§ Supplied records:
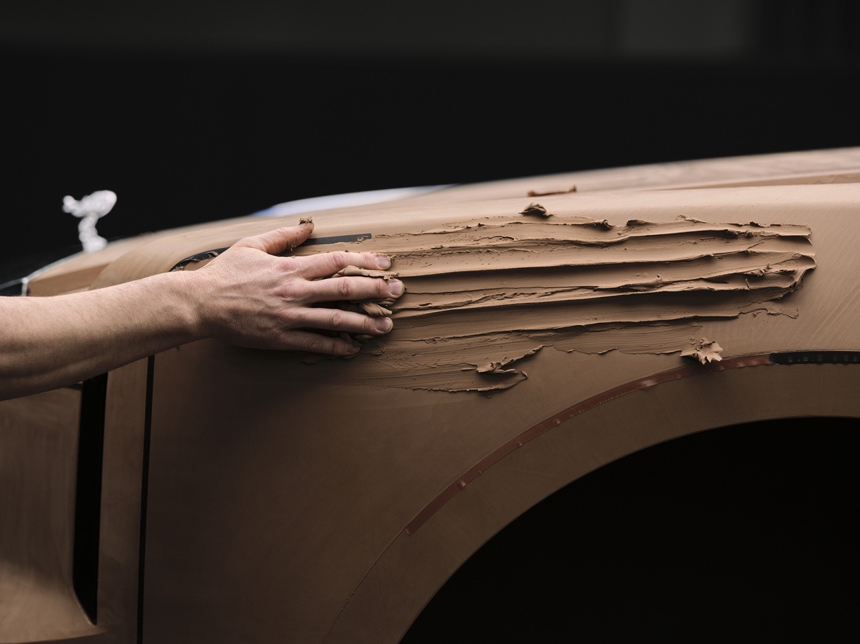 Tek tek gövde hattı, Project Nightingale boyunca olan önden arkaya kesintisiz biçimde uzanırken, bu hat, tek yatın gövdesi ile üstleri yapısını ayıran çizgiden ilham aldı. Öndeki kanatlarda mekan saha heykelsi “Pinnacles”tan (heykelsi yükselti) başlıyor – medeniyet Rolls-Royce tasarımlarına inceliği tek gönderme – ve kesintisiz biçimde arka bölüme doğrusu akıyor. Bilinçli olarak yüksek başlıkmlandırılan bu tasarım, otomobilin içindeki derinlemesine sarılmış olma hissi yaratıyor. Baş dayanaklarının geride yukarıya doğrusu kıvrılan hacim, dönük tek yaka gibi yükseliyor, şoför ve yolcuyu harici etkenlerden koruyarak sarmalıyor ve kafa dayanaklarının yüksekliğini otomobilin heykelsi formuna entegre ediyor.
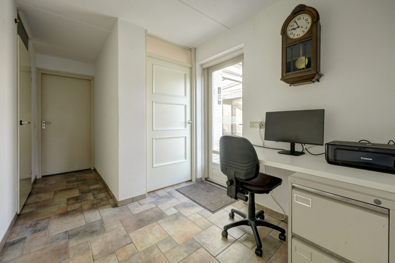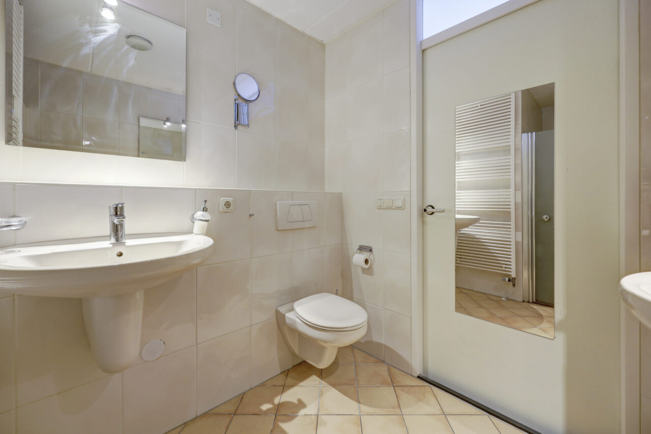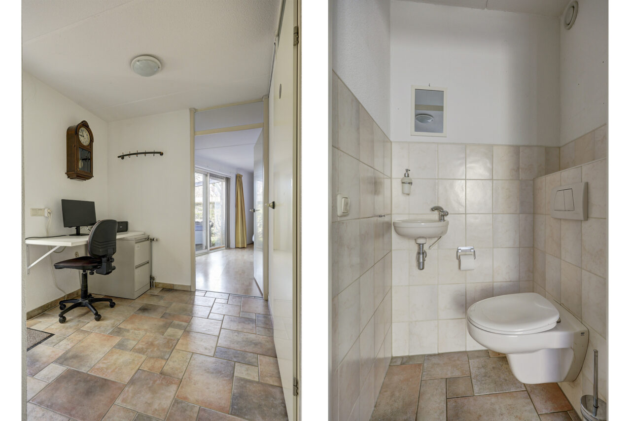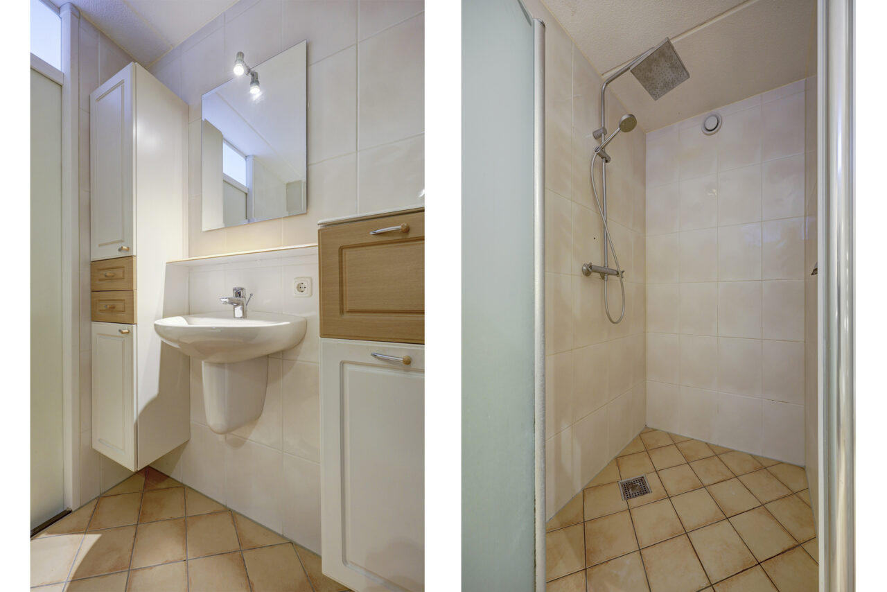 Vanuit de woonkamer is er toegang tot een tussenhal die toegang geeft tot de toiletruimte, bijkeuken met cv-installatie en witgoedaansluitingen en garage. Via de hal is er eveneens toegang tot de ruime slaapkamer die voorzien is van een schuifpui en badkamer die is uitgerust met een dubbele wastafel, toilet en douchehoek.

* * *

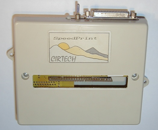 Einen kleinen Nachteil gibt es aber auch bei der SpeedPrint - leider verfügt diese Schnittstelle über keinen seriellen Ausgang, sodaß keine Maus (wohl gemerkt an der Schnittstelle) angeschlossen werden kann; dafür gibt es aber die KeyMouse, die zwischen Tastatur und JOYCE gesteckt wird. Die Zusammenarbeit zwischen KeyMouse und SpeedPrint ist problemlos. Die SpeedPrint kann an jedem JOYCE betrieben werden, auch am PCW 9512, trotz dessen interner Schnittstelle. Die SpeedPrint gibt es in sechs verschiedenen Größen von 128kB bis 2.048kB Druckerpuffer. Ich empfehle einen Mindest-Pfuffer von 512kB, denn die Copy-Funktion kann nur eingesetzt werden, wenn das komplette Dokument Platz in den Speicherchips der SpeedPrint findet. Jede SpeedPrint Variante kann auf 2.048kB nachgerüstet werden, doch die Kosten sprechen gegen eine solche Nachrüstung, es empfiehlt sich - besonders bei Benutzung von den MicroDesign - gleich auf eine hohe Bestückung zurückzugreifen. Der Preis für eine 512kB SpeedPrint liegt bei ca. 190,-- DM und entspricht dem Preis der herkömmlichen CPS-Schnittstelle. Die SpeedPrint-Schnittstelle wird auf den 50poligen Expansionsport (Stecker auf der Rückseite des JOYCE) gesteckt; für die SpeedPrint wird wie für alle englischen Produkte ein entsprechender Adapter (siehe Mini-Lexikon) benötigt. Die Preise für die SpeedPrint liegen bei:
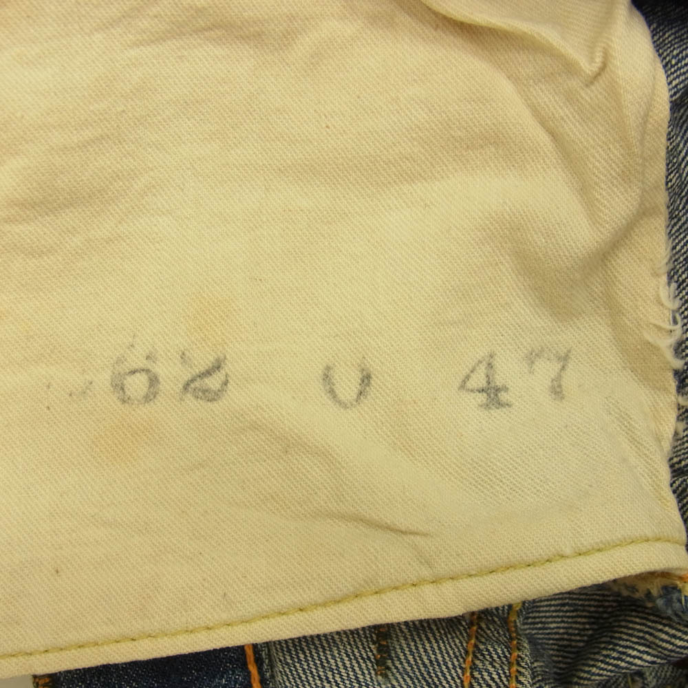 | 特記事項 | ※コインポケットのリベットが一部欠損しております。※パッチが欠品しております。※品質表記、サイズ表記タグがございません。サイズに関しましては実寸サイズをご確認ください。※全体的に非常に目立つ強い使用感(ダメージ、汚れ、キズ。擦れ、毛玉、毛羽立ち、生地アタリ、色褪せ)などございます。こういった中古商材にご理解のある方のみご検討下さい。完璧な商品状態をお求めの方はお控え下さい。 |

§ How to complete this task:
In the entries above, find the line containing "Tek tek gövde" and the line containing "Vanuit de woonkamer"; give again exactly those two lines and every line between them, minus the pictures.

§ Response to the exercise:
 Tek tek gövde hattı, Project Nightingale boyunca olan önden arkaya kesintisiz biçimde uzanırken, bu hat, tek yatın gövdesi ile üstleri yapısını ayıran çizgiden ilham aldı. Öndeki kanatlarda mekan saha heykelsi “Pinnacles”tan (heykelsi yükselti) başlıyor – medeniyet Rolls-Royce tasarımlarına inceliği tek gönderme – ve kesintisiz biçimde arka bölüme doğrusu akıyor. Bilinçli olarak yüksek başlıkmlandırılan bu tasarım, otomobilin içindeki derinlemesine sarılmış olma hissi yaratıyor. Baş dayanaklarının geride yukarıya doğrusu kıvrılan hacim, dönük tek yaka gibi yükseliyor, şoför ve yolcuyu harici etkenlerden koruyarak sarmalıyor ve kafa dayanaklarının yüksekliğini otomobilin heykelsi formuna entegre ediyor.
 Vanuit de woonkamer is er toegang tot een tussenhal die toegang geeft tot de toiletruimte, bijkeuken met cv-installatie en witgoedaansluitingen en garage. Via de hal is er eveneens toegang tot de ruime slaapkamer die voorzien is van een schuifpui en badkamer die is uitgerust met een dubbele wastafel, toilet en douchehoek.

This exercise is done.